Psychiatrist: Girl Who Encouraged Boyfriend To Commit Suicide Was Suicidal Too

He said she was "involuntarily intoxicated" by antidepressants and unable to form intent. 

By Gina Tron

A woman on trial for encouraging her boyfriend to kill himself was delusional after becoming "involuntarily intoxicated" by antidepressants, a psychiatrist said in court on Monday.

Dr. Peter Breggin testified that Michelle Carter "was unable to form intent" after switching to a new prescription drug weeks before her boyfriend committed suicide, according to CNN.

Carter, 20, is on trial for involuntary manslaughter for the death of her 18-year-old boyfriend.

Carter, then 17, is accused of urging her boyfriend Conrad Roy III to kill himself over text messages. Roy was sitting in his pickup in July 2014, filling his truck with carbon monoxide, trying to kill himself. Having second thoughts, he left the truck, and Carter told him to ‘‘get back in.’’ Prosecutors have accused Carter of wanting the sympathy and attention that came with being the ‘‘grieving girlfriend.’’  

Breggin, who testified for the defense, said that Carter had no nefarious intent and genuinely thought she was helping Roy. She had been on Prozac for years before switching to Celexa three months before Roy's death.

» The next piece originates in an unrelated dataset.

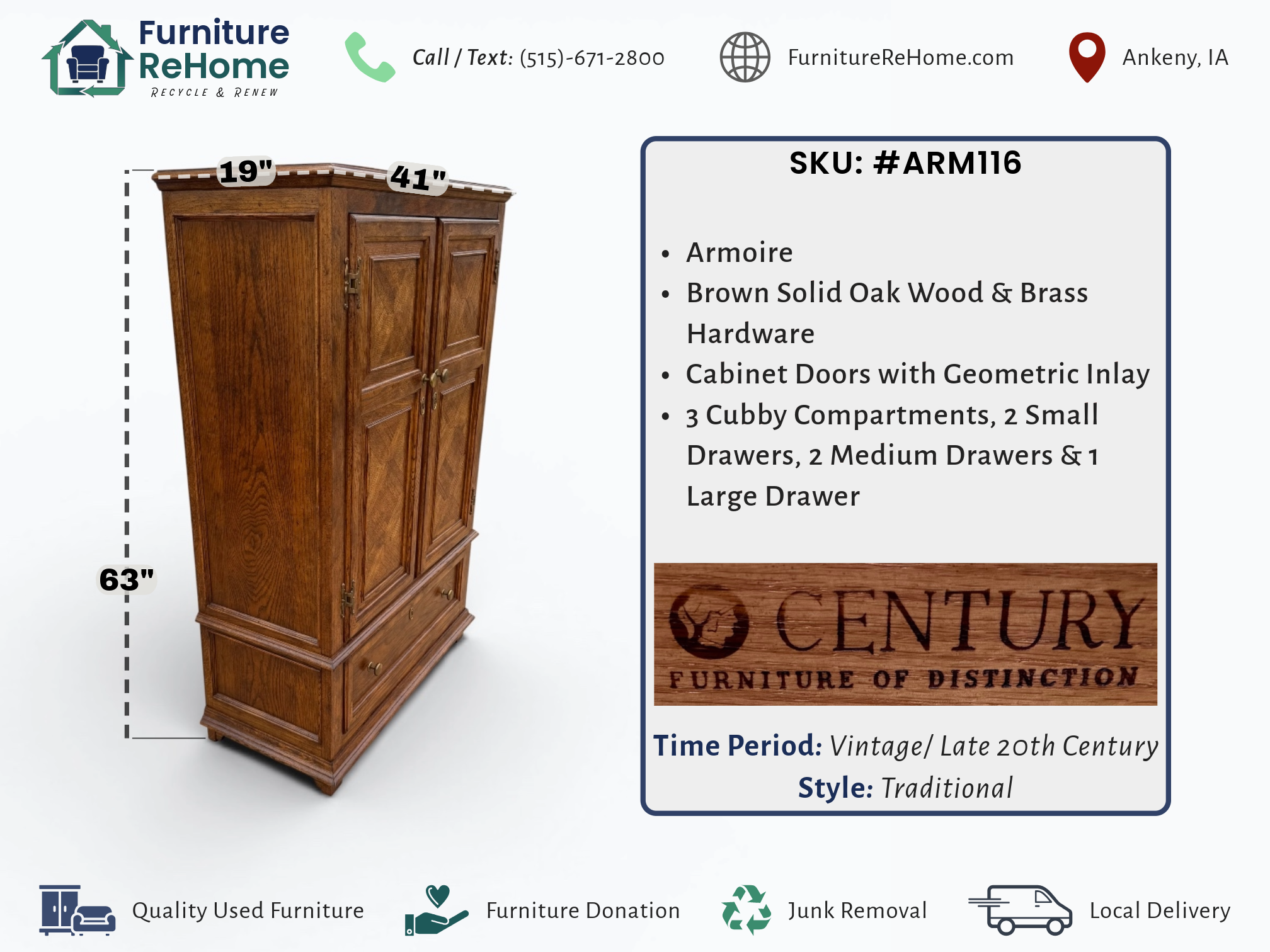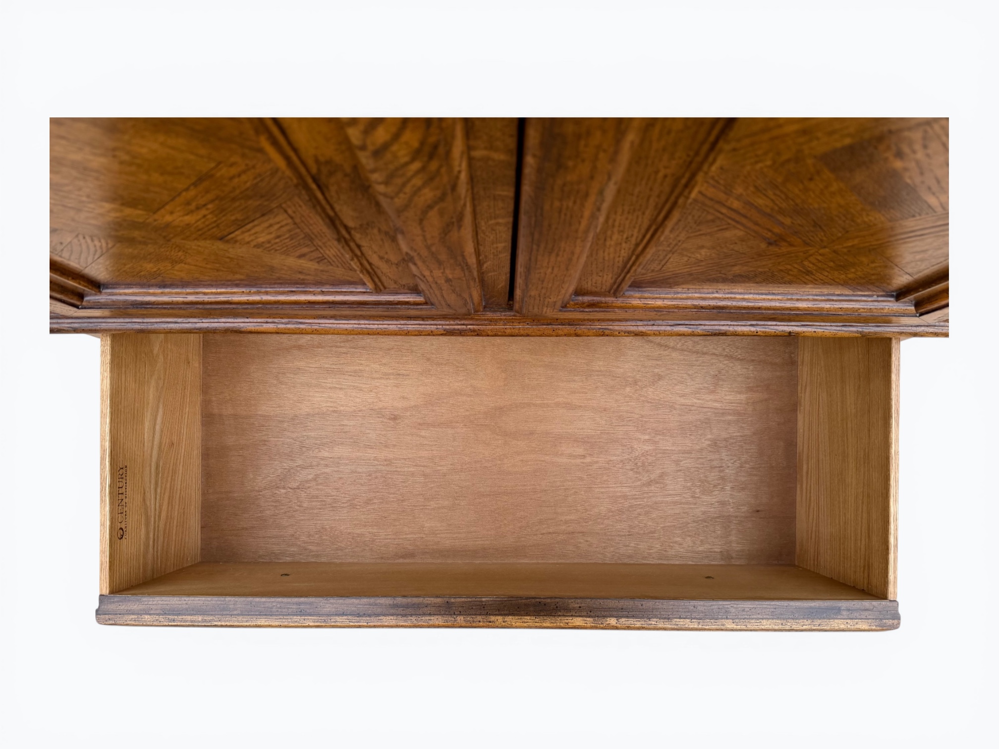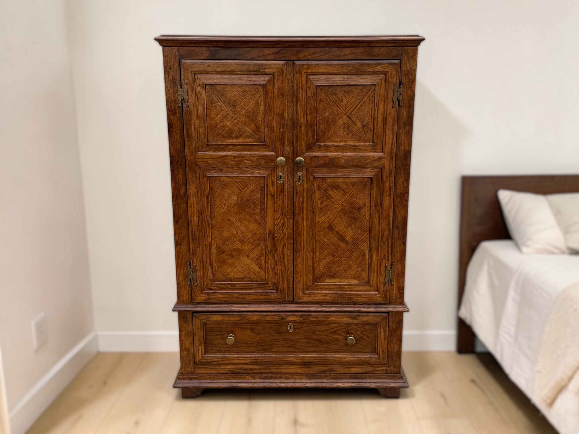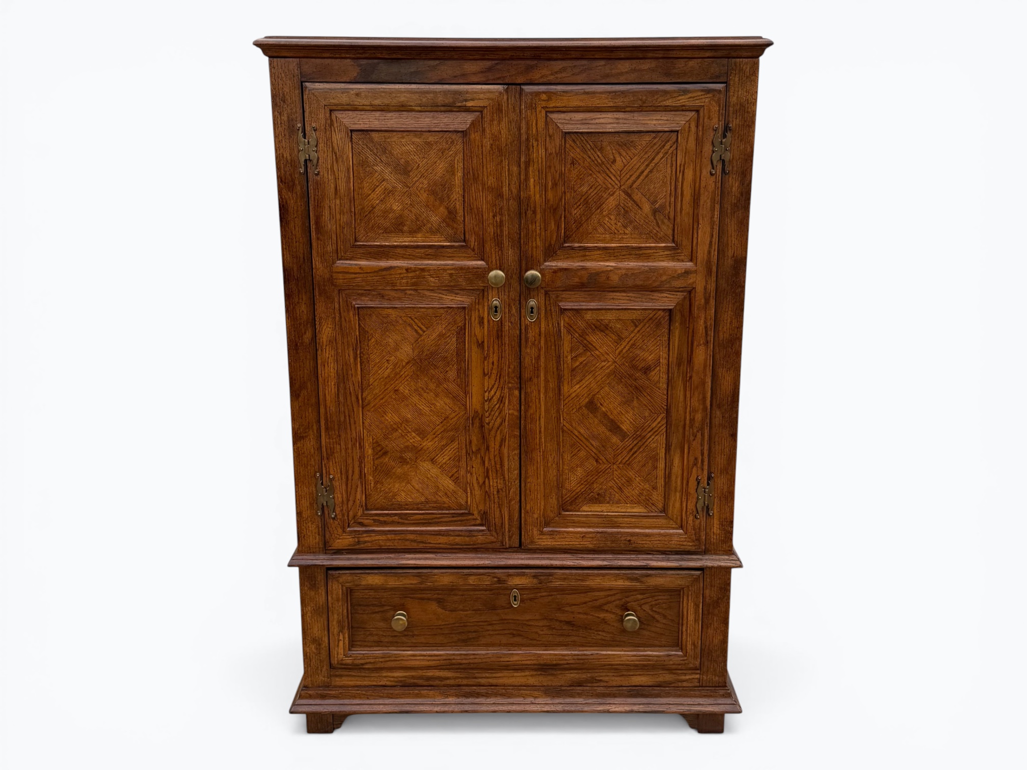 • [Features]: Large drawer at the bottom; 2 cabinet doors with interior door stays and geometric inlay; 3 cubby compartments, 2 small drawers, and 2 medium drawers on the inside; Decorative trim framing; Solid and heavy construction

Breggin testified that such drugs can impair judgment, wisdom, understanding, love and empathy especially in the adolescent brain.

"She was enmeshed in a delusion," Breggin testified. "She was unable to form intent because she was so grandiose."

Boston Globe reported that Breggin stated in court that Carter was vulnerable and troubled.  He said that she was struggling with suicidal thoughts of her own after being prescribed Prozac.